November 2025

The orbitofrontal cortex updates beliefs for state inference

Core Discovery: The orbitofrontal cortex (OFC) performs belief updating for inferring hidden states in dynamic environments.
Method: Rats performed a temporal wagering task with latent reward blocks. Neural and behavioral evidence showed that expert rats inferred block transitions rather than adapting via reinforcement alone.
Findings:
- OFC inactivation (via muscimol) impaired belief updating and slowed behavioral adaptation without affecting reward valuation.
- Population dynamics (via hierarchical LDS modeling) revealed slow latent factors reflecting inferred states distinct from trial-by-trial reward signals.
- Early in training, rats relied on divisive normalization, but transitioned to true inference as OFC representations matured.
Conclusion: OFC supports recursive Bayesian updating of subjective beliefs—providing a mechanistic link between neural population dynamics and probabilistic reasoning under partial observability.

Objective: To test whether human “reward-based learning” actually reflects reinforcement learning (RL) computations.
Approach: Meta-analysis and computational modeling across seven large datasets (n=594) using the RLWM paradigm that separates working memory (WM) from slower processes.
Results:
- Behaviour is best explained by a mixture of WM and a habit-like (H) process, not standard RL.
- The WM process: fast, capacity-limited, and sensitive to positive/negative feedback.
- The H process: slow, outcome-insensitive, Hebbian-like association between stimulus and action.
- Together, they mimic an RL agent’s policy but lack reward prediction error computation.
Implications: Traditional RL models over-attribute learning to value-based computation, when in fact working memory and habit systems jointly drive behavior, reframing dopaminergic and striatal “RL signals” as emergent from mixed non-RL processes.

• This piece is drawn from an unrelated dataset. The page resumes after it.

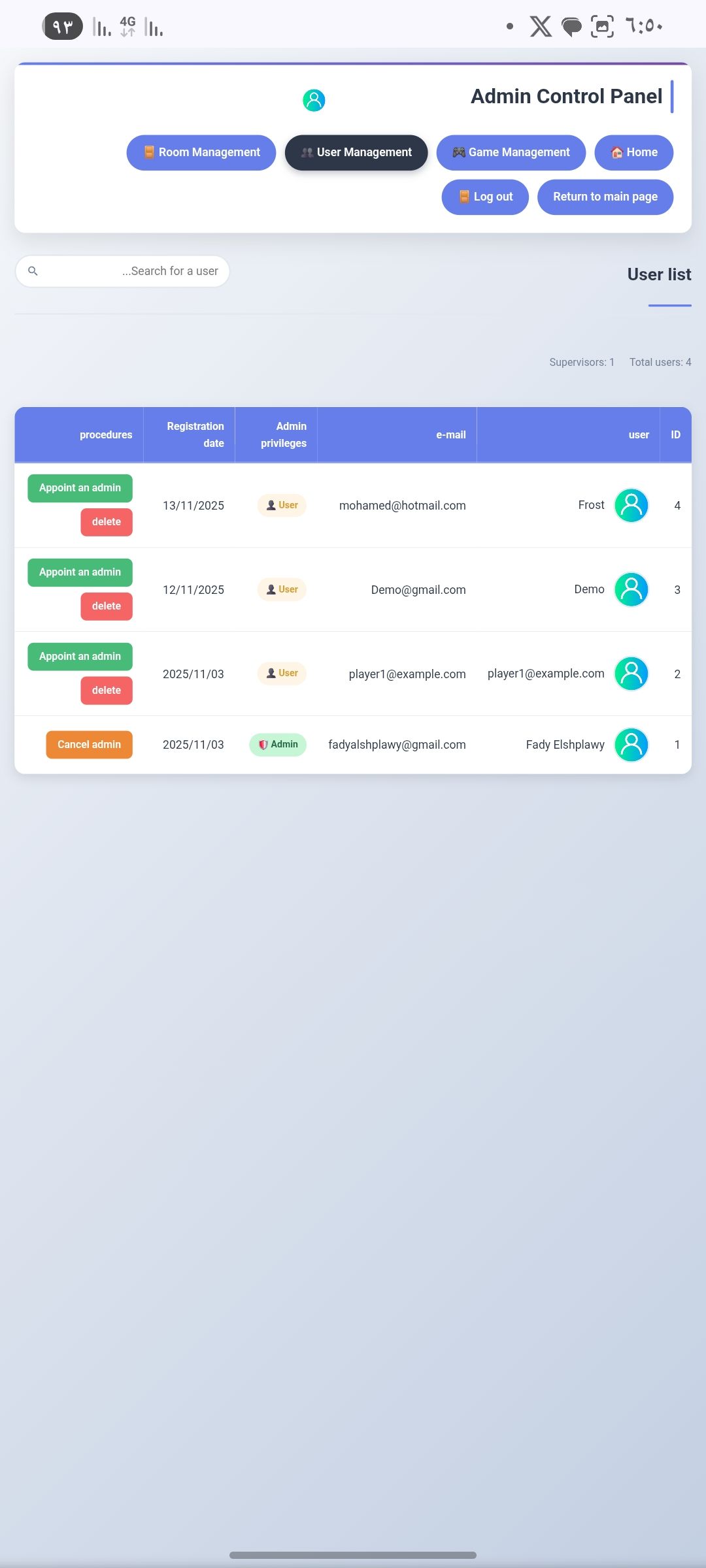 Multiplayer gaming platform with rooms, chat, and admin dashboard. Full source code and fast performance.PlayTime - Gaming Platform

Scope: This perspective synthesizes parallels between brains and artificial networks, identifying shared design principles.
Key Themes:
- Representation learning: Both brains and ANNs optimize internal representations for predictive efficiency and energy constraints.
- Credit assignment: Synaptic plasticity and gradient-based optimization converge toward biologically plausible local learning rules (e.g., dendritic backprop proxies).
- Compositionality and modularity: Cortical microcircuits mirror transformer-like hierarchical compositional architectures, supporting transfer and few-shot learning.
- Stochasticity and exploration: Neural noise and dropout regularization both enable robust generalization under uncertainty.
Framework Proposal: A “shared objective hypothesis”—that both biological and artificial systems aim to minimize future surprise via predictive coding and efficient resource use, positioning the brain as a self-regularizing, energy-constrained learner.

Central Question: How do neural systems represent compositional tasks—combining operations like “add” + “subtract” or “left” + “right”?
Model: Recurrent neural networks (RNNs) trained on compositional sensorimotor tasks spontaneously organize their activity into low-dimensional subspaces corresponding to task components.
Findings:
- Each task variable (rule, stimulus, response) occupies an orthogonal subspace, enabling linear composition into novel tasks.
- This structure mirrors factorized representations in biological neural data (PFC, parietal cortex).
- Network geometry predicts generalization: the more orthogonal the subspaces, the greater the compositional flexibility.
Implication: Both artificial and biological recurrent circuits implement subspace-based modularity, allowing reuse of neural trajectories for flexible task recombination—linking population geometry to the algorithmic foundations of abstraction.